* **Information provided**:

^^^^

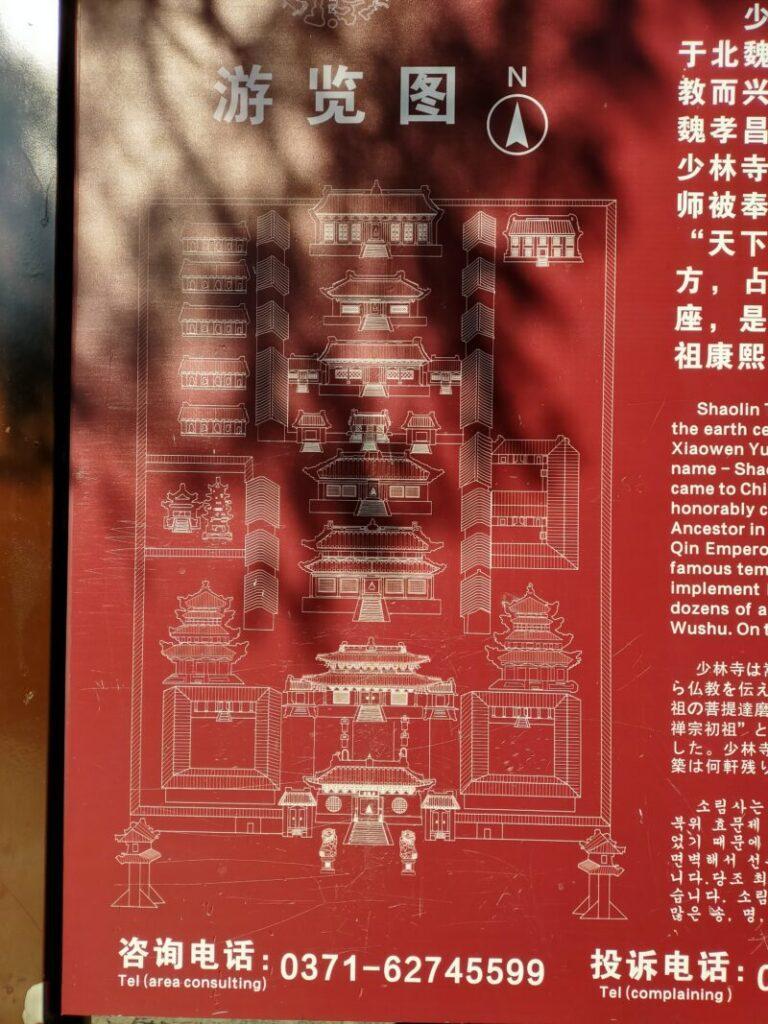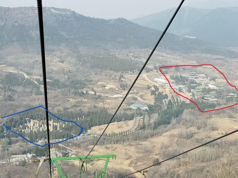 赤枠の箇所が「少林寺」で、青枠の箇所が「塔林」である。
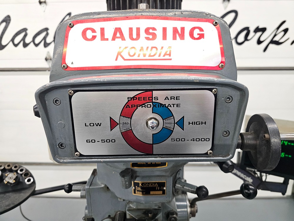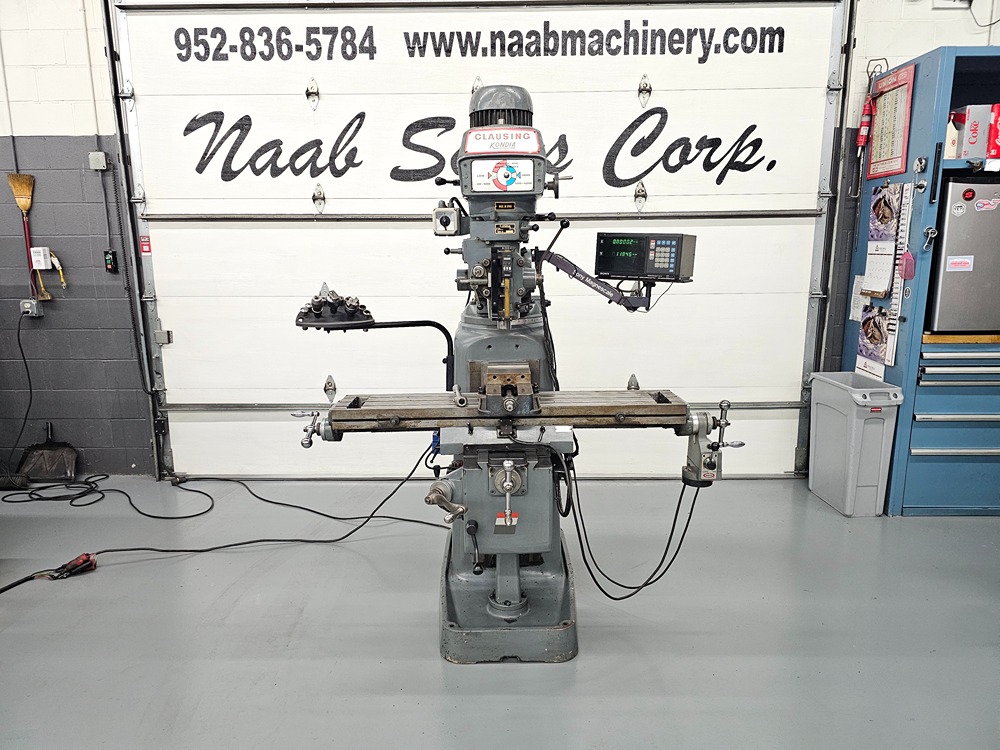 Clausing Kondia #FV-1, Vertical Milling Machine, 9" x 48" table, 30" longitudinal travel, 15" saddle travel, 16.5" knee travel, 23" ram travel, 3 HP, 4000 RPM, 2-axis Acu-Rite digital read out, 220 V. Manufacturer: Kondia Model: FV-1 Table: 48.00 HP: 3.0 Stock # 16727 Price: $6,250 USD Request Info 10 Play VideoFor Sale by Naab Sales Corporation Surplus Record Dealer Since 2007 Contact Seller Blaine, MN J.Van Heuveln 952-93...> Show Seller's Phone Number 952-933-6755 Let the seller know you found their listing on Surplus Record! View More Naab Sales Corporation 's ListingsDescriptionHere We Have:Clausing Kondia Model FV-1 Vertical Milling MachineWith: 2 Axis Acu-Rite DROSerial # Y-226Specifications:Size of table 9” x 48”Longitudinal travel 30”Saddle travel 15”Knee travel 16 ½”Ram travel 23”Quill travel 5”Throat distances 6-5/8” – 29-11/16”Spindle taper R-8Distance spindle to table 0” to 18-5/16”Quill diameter 3-3/8”Quill feed per spindle revolution .0015”, .003”, .0047”Spindle speeds 60-4000 rpmMotor 3 hpApproximate floor space 78” x 88 ¾”Approximate height 82 ½”Approximate weight 3050 lbsWired 220 Volt 3 PhaseComplete With:2 Axis Sony Magnescale DROMitutoyo Digital Scale On QuillX Axis Servo Power Feed6” Machine ViseAssorted R-8 ColletsOne Shot LubeDraw Bar Request More Information from SellerInquire Further with Naab Sales Corporation! "*" indicates required fieldsName*Company*Email* PhoneZip / Postal Code*QuestionMake an OfferRequests Send me a shipping quote I am interested in financingSend Copy Email me a confirmation of this inquiryBuyer Protection Use our partner Escrow.com to buy or sell equipment safelyBuyer Protection Send me info about buyer protectionThis field is hidden when viewing the formDealer Email Buyers Who Viewed This Listing Also Viewed …JUST ADDED! Clausing Kondia #FV-1, Vertical Milling, ProtoTrakM2 CNCCategory: CNC Vertical Bed MillsSeller: Dominion Air & Machinery CoLocation: Roanoke, VA Mfr: KondiaModel: FV-1 Kondia, Clausing #FV-1, knee mill, 33" X, 15" Y, 16" Z, 3 HP, 9" x48" tbl, 60-4000 RPM, Accu-Rite digital read out, power draw bar, 1997Category: Bed and Knee Milling Machines - Vertic...Seller: Machinery Works IncLocation: Belgium, WI Mfr: KondiaModel: FV-1Year: 1997 Kondia Powermill #FV-1, vertical mill, SWI ProtoTrak EMX Control, 9" x48" table, 3 HPCategory: CNC Vertical Bed MillsSeller: Perfection GlobalLocation: Elk Grove Village, IL Mfr: KondiaModel: FV-1Motor: 3 HPTable Size: 48" x 9"Table Travel (X-Axis): 29"Table Travel (Y-Axis): 14"T-Slot Size: 5/8"Quill Travel: 5"Ram Travel: 23"Spindle Speed Low: 60 - 500 RPMSpindle Speed High: 500 - 4000 RPM, Southwestern Industries Proto Trak EMX ControlMaxi-Torque Rite Tool Lock.JUST ADDED! Alliant #RT2, Vertical Mill, w/Digital Measuring Display, 9" x 48" Table, 3 HP, 220/400 VCategory: Bed and Knee Milling Machines - Vertic...Seller: HGR24Location: Euclid, OH Mfr: AlliantModel: RT2Inventory No. 0126-044-0022 Manufacturer Alliant Model No. RT2 Name Vertical Mill Arrival Date 01-22-2026 Dimensions L x W x H (inches) 58 x 66 x 82 Capacity 48"X 9" Electrical 3/50/60/220/440 Weight (lb.) 2145 Category Machine Tools Condition Used Available Quantity 1 Serial No. 80613059 Item 3 Hp, W/ Digital ...moreJUST ADDED! Republic-Lagun #FTV-2, Vertical Milling Machine w/DRO, 9" x 48" table, 34.6" x 16" x 16" travel, 22-3/16" adj, 3 HP, 230/460 V.Category: Bed and Knee Milling Machines - Vertic...Seller: Norman Machine Tool LtdLocation: Baltimore, MD Mfr: Republic-LagunModel: FTV-2Republic Lagun 9″ x 48″ Variable Speed Vertical Milling Machine with Digital Readout, FTV-2, Inventory # 10010, Model: FTV-2, S/N: 16094, Table Size: 9″ x 48″, Max. Weight of Workpiece: 441 lbs., X-Axis: 34.62″, Y-Axis: 16″, W-Axis: 16″ (Vertical Knee), Z-Axis: 5″ ...moreShare × "*" indicates required fieldsYour Name*Your Email* Recipient's Email* Note to Recipient
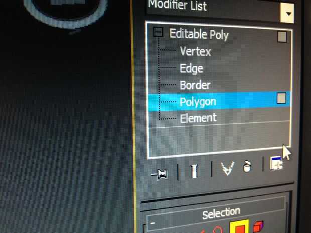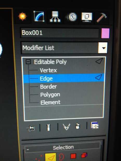 3. ahora nos hemos convertido a un editable poly que vamos a seleccionar el polígono en el menú del lado derecho (imagen 7) luego debemos seleccionar la parte superior de la caja que se convertirá en un color rojo más oscuro. Después de la parte superior de la caja se ha seleccionado a continuación volver a nuestro menú a la derecha y busque la opción de sacar (imagen 8).

^^^^

* **Work instruction**: An exact copy of the listing is required, with every image removed.

* **Result for this task**:
 赤枠の箇所が「少林寺」で、青枠の箇所が「塔林」である。
 Clausing Kondia #FV-1, Vertical Milling Machine, 9" x 48" table, 30" longitudinal travel, 15" saddle travel, 16.5" knee travel, 23" ram travel, 3 HP, 4000 RPM, 2-axis Acu-Rite digital read out, 220 V. Manufacturer: Kondia Model: FV-1 Table: 48.00 HP: 3.0 Stock # 16727 Price: $6,250 USD Request Info 10 Play VideoFor Sale by Naab Sales Corporation Surplus Record Dealer Since 2007 Contact Seller Blaine, MN J.Van Heuveln 952-93...> Show Seller's Phone Number 952-933-6755 Let the seller know you found their listing on Surplus Record! View More Naab Sales Corporation 's ListingsDescriptionHere We Have:Clausing Kondia Model FV-1 Vertical Milling MachineWith: 2 Axis Acu-Rite DROSerial # Y-226Specifications:Size of table 9” x 48”Longitudinal travel 30”Saddle travel 15”Knee travel 16 ½”Ram travel 23”Quill travel 5”Throat distances 6-5/8” – 29-11/16”Spindle taper R-8Distance spindle to table 0” to 18-5/16”Quill diameter 3-3/8”Quill feed per spindle revolution .0015”, .003”, .0047”Spindle speeds 60-4000 rpmMotor 3 hpApproximate floor space 78” x 88 ¾”Approximate height 82 ½”Approximate weight 3050 lbsWired 220 Volt 3 PhaseComplete With:2 Axis Sony Magnescale DROMitutoyo Digital Scale On QuillX Axis Servo Power Feed6” Machine ViseAssorted R-8 ColletsOne Shot LubeDraw Bar Request More Information from SellerInquire Further with Naab Sales Corporation! "*" indicates required fieldsName*Company*Email* PhoneZip / Postal Code*QuestionMake an OfferRequests Send me a shipping quote I am interested in financingSend Copy Email me a confirmation of this inquiryBuyer Protection Use our partner Escrow.com to buy or sell equipment safelyBuyer Protection Send me info about buyer protectionThis field is hidden when viewing the formDealer Email Buyers Who Viewed This Listing Also Viewed …JUST ADDED! Clausing Kondia #FV-1, Vertical Milling, ProtoTrakM2 CNCCategory: CNC Vertical Bed MillsSeller: Dominion Air & Machinery CoLocation: Roanoke, VA Mfr: KondiaModel: FV-1 Kondia, Clausing #FV-1, knee mill, 33" X, 15" Y, 16" Z, 3 HP, 9" x48" tbl, 60-4000 RPM, Accu-Rite digital read out, power draw bar, 1997Category: Bed and Knee Milling Machines - Vertic...Seller: Machinery Works IncLocation: Belgium, WI Mfr: KondiaModel: FV-1Year: 1997 Kondia Powermill #FV-1, vertical mill, SWI ProtoTrak EMX Control, 9" x48" table, 3 HPCategory: CNC Vertical Bed MillsSeller: Perfection GlobalLocation: Elk Grove Village, IL Mfr: KondiaModel: FV-1Motor: 3 HPTable Size: 48" x 9"Table Travel (X-Axis): 29"Table Travel (Y-Axis): 14"T-Slot Size: 5/8"Quill Travel: 5"Ram Travel: 23"Spindle Speed Low: 60 - 500 RPMSpindle Speed High: 500 - 4000 RPM, Southwestern Industries Proto Trak EMX ControlMaxi-Torque Rite Tool Lock.JUST ADDED! Alliant #RT2, Vertical Mill, w/Digital Measuring Display, 9" x 48" Table, 3 HP, 220/400 VCategory: Bed and Knee Milling Machines - Vertic...Seller: HGR24Location: Euclid, OH Mfr: AlliantModel: RT2Inventory No. 0126-044-0022 Manufacturer Alliant Model No. RT2 Name Vertical Mill Arrival Date 01-22-2026 Dimensions L x W x H (inches) 58 x 66 x 82 Capacity 48"X 9" Electrical 3/50/60/220/440 Weight (lb.) 2145 Category Machine Tools Condition Used Available Quantity 1 Serial No. 80613059 Item 3 Hp, W/ Digital ...moreJUST ADDED! Republic-Lagun #FTV-2, Vertical Milling Machine w/DRO, 9" x 48" table, 34.6" x 16" x 16" travel, 22-3/16" adj, 3 HP, 230/460 V.Category: Bed and Knee Milling Machines - Vertic...Seller: Norman Machine Tool LtdLocation: Baltimore, MD Mfr: Republic-LagunModel: FTV-2Republic Lagun 9″ x 48″ Variable Speed Vertical Milling Machine with Digital Readout, FTV-2, Inventory # 10010, Model: FTV-2, S/N: 16094, Table Size: 9″ x 48″, Max. Weight of Workpiece: 441 lbs., X-Axis: 34.62″, Y-Axis: 16″, W-Axis: 16″ (Vertical Knee), Z-Axis: 5″ ...moreShare × "*" indicates required fieldsYour Name*Your Email* Recipient's Email* Note to Recipient
 3. ahora nos hemos convertido a un editable poly que vamos a seleccionar el polígono en el menú del lado derecho (imagen 7) luego debemos seleccionar la parte superior de la caja que se convertirá en un color rojo más oscuro. Después de la parte superior de la caja se ha seleccionado a continuación volver a nuestro menú a la derecha y busque la opción de sacar (imagen 8).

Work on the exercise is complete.